Recommendations replies:
It could be a vmware tools issue on some of the machines as some are out of date. Although this issue does not happen all the time.
Will try this. The CV Engineer was on the phone and set this up. Will review in the am.
The snapshot of the Datastore finishes. When the backup copy runs for a random datastore on the schedule sometimes the VM’s just get stuck in waiting and none of the backup copies will run after that. I have to properly reboot the MA in order to get the backup copes to run to finish off the Intellisnap work flow.
Going through the logs in the am (if we have failures) and I will report back.
Thank you for your reply.
Cheers
Neil
@MichaelCapon automount disabled and SAN Policy = Offline Shared
No AV
Tracking the logs.
Cheers
Neil
@Neil Cooper What storage array are you using? Can you share the Windows Event Logs from when the error happens?
@dude Dell Compellent SAN.
@s3narasi
Hi
Been plagued with this problem for a while. Support has not been able to crack it yet either. I have 4 Media Agents and 2 are using CBT and crash consistent backup options for the Intellisnap and work fine. The other 2 Media agents are also using CBT but using Application Consistent (quiesced backup) backup options for Intellisnap and these Media Agents will sometimes freeze up the Virtual Disk Service and the backupcopy fails for the remainder of the backup copies.

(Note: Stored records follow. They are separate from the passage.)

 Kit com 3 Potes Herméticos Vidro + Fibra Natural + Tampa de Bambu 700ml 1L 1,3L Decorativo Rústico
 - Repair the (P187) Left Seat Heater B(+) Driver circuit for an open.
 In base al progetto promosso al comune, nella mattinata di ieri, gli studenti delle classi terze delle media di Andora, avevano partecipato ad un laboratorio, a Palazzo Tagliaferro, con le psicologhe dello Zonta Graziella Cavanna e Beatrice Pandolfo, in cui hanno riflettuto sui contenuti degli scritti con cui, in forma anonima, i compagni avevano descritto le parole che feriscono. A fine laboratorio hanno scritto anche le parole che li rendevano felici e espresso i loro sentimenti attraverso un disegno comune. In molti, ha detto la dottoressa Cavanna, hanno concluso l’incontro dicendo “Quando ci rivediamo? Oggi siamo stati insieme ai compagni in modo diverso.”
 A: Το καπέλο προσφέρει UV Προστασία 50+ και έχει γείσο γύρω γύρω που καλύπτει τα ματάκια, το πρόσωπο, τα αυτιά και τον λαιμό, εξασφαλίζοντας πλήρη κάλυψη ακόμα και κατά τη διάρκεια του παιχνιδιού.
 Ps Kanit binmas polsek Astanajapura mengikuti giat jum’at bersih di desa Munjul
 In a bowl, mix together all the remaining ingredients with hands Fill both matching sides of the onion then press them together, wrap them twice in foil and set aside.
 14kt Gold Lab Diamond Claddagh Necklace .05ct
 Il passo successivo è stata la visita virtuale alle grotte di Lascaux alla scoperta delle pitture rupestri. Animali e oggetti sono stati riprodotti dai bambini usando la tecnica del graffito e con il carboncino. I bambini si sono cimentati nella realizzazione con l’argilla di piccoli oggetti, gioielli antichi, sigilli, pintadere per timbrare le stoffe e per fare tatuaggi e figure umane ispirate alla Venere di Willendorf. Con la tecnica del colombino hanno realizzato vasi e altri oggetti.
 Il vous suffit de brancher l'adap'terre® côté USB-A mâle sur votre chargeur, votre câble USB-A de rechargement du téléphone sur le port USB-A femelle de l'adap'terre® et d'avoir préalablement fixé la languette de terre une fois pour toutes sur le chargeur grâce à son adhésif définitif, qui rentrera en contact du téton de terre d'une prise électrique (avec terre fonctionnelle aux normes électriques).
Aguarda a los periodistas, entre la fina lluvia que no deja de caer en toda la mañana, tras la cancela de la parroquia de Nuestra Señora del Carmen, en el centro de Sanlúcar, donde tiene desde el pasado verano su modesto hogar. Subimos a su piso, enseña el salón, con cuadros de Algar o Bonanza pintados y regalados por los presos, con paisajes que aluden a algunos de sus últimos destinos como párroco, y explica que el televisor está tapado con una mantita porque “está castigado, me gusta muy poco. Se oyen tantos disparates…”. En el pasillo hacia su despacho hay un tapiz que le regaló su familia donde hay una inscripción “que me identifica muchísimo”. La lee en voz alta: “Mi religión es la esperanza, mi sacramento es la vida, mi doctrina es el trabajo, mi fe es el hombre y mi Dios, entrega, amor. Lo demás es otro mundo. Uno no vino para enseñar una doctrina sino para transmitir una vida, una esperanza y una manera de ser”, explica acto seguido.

I cannot open the process manager on the MA’s when this happens and end up have to reboot the MA to get things back on track. Not a lot of info but chucking this one out there to see if anyone had a similar experience.
have you tried using a separate proxy ( even just as a test ) for the backup copy ? Currently i use separate proxy for snap and backup copy to avoid any issues with application consistent
That Ben is a good egg! Keep us posted on your results :-)
So setting the proxies at the instance level did not work on the second night. The troubled MA was allocated most of the load and froze up the VDS and the backup copies failed. Back to square one.
Thanks
Hi
I have read all the replies. Thank you. I was in the DC yestarday and did not reply but will do my best once I have had a chance to try some more things with Ben from CV support. Currently spreading out the schedules has helped. I’m seeing error about Mutiple LUNS causing issues during the snapshot mount on the Compellent. The cleanup tool mentioned that needs to be installed on the MA might be important here as we are still on V11 SP 16. I can see the dead LUNS in VMWare and when I do a rescan of storage they go away:
OS mount failed : VMWare Mount snapshot failed e0xEC02ECC3:{VMwareSnapOSUtil::MountSnap(1841)/MM.60611-Error mounting the snapshot LUNs because there are multiple copies present.}] (MM.60611)]
Hey @Neil Cooper ! I see you have a case opened for this, so I’ll get some top brains on it for you. I also want to make sure we circle back and share the solution for posterity.
If anyone in the community has ideas, please do share for Neil!